Зажмурившись, Кэт погладила руку отца. Она не хотела видеть его лицо. Зазвенели монеты, Марвуд что-то сказал Хэксби. А еще издалека доносилось какое-то царапанье и шорох. Наверное, крысы копошатся. Животные бежали от Пожара. Однако потом они вернулись в собор Святого Павла, проверяя, можно ли чем-нибудь поживиться на пепелище. Крысы всегда возвращаются.
Кэт подумала, что у отца в карманах или под одеждой наверняка отыщутся бумаги — письма или документы. Как Марвуд ими распорядится — передаст своим хозяевам в Уайтхолле? Хотя, может быть, он все-таки не правительственный шпион. Вряд ли соглядатай вел бы себя подобным образом, да и господин Хэксби ему доверяет.
«С другой стороны, люди — существа сложные, в них уживаются друг с другом много разных качеств», — рассудила Кэт. К примеру, ее отец любил единственную дочь всем сердцем, но при этом и душой и телом принадлежал невидимому королю Иисусу.
— Хорошо, — между тем проговорил Марвуд. — Пора уходить. Госпожа, в кармане вашего отца лежал кошелек с золотом. Не возражаете, если господин Хэксби пока возьмет его на сохранение?
Слова молодого человека казались Кэт бессмысленными, будто шелест осенних листьев. Она поднесла отцовскую руку к губам и поцеловала.
Мы с господином Хэксби сидели и пили вино у него в комнате в доме госпожи Ноксон.
— Двое погибших, — произнес я после долгой паузы.
— Тела найдут на рассвете. — Чертежник обхватил бокал обеими руками, чтобы тот не трясся. — Сторожа доложат, что мы ходили в собор.
— Нет, — возразил я. — Единственное, что им известно, — мы были во дворе и в павильоне. О том, что мы проникли в собор, они не знают.

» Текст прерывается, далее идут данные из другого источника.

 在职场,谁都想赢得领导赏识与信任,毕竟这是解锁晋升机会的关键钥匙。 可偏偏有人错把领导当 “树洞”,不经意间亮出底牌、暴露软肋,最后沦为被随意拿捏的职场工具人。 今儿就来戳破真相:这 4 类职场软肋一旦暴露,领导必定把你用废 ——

— Но сторожа сопоставят эти два факта.
— С чего вдруг? У них нет ни малейших оснований подозревать, что мы заходили дальше павильона. Кроме того, откуда им знать, когда именно погибли Ловетт и Олдерли? Может быть, они упали с башни посреди ночи, когда мы давно ушли. Сторожа когда-нибудь заходят в собор? Я имею в виду, по ночам?
— Нет, их туда силой не затащишь.
— Значит, беспокоиться не о чем.
Я поглядел на Хэксби. В сиянии свечи морщины у него на лбу казались особенно глубокими. Чертежник выглядел испуганным и совершенно измученным стариком.

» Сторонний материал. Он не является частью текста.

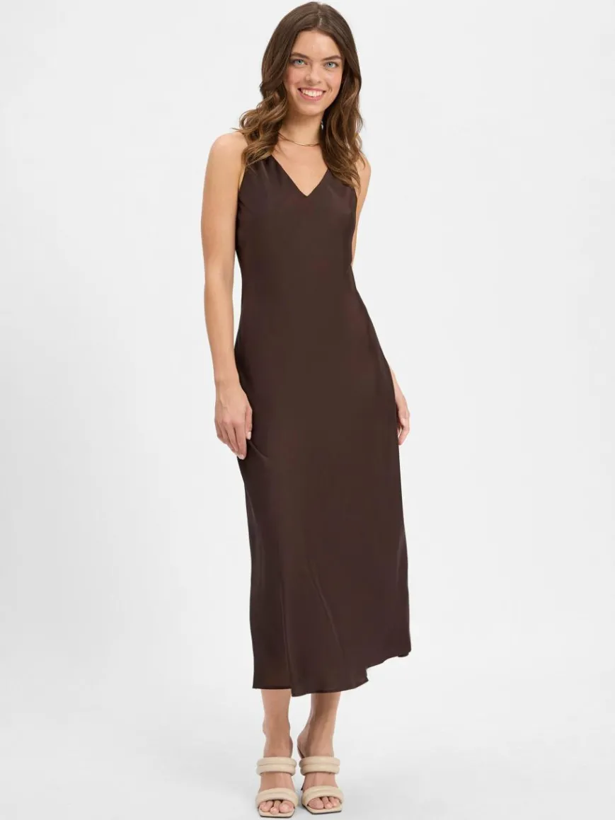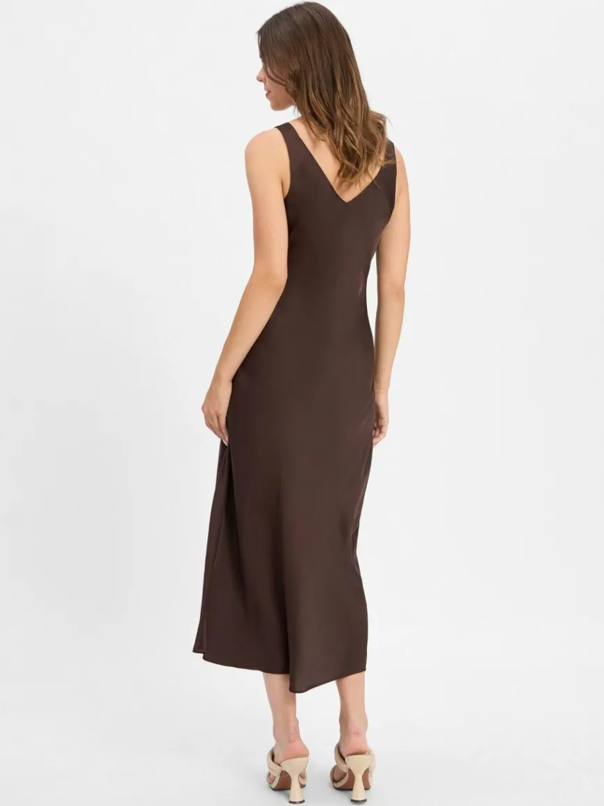 Satin-Kleid Qova pure mit schmalen Trägern, V-Ausschnitt und figurbetonter, taillierter Passform – die fließende Silhouette unterstreicht einen eleganten, femininen Look.

— Ну, признавайтесь, что вас тревожит, — произнес я.
Хэксби пожал плечами.
— Я не знаю, чего вы хотите.
— Главным образом — спокойной жизни. Нас с вами эти интриги не касаются.
— Мне почти ничего о вас не известно.
— Однако в этом деле мы с вами союзники, по душе нам это или нет.
Хэксби молча пил вино, поглядывая на меня поверх бокала. Я воспринял его молчание как знак согласия или даже как тост.
— Тогда как мы поступим? — вдруг выпалил чертежник. — Погибли и отец, и дядя госпожи Кэтрин. Цареубийца и один из богатейших людей Англии. Оба мертвы, а мы увязли во всей этой истории по самые уши.
— Полагаю, нужно сказать правду, — ответил я.
— Вы, должно быть, шутите.
— Неудобные подробности опустим, сэр. Мы ведь не знаем, как эта история будет развиваться дальше. Пусть все думают, что первыми тела обнаружили сторожа или работники. Но сначала я должен признаться одному человеку, что тела нашли именно мы, — только ему одному, и более никому. Вы должны мне довериться, сэр, он не выдаст нашу тайну. Я скажу ему, что мы увидели два тела, когда вы привели меня в собор. А отправились мы туда, потому что вы по моей просьбе помогали мне искать господина Ловетта среди развалин — таково данное мне государственное поручение. Тогда никому в голову не придет усомниться в вашей благонамеренности.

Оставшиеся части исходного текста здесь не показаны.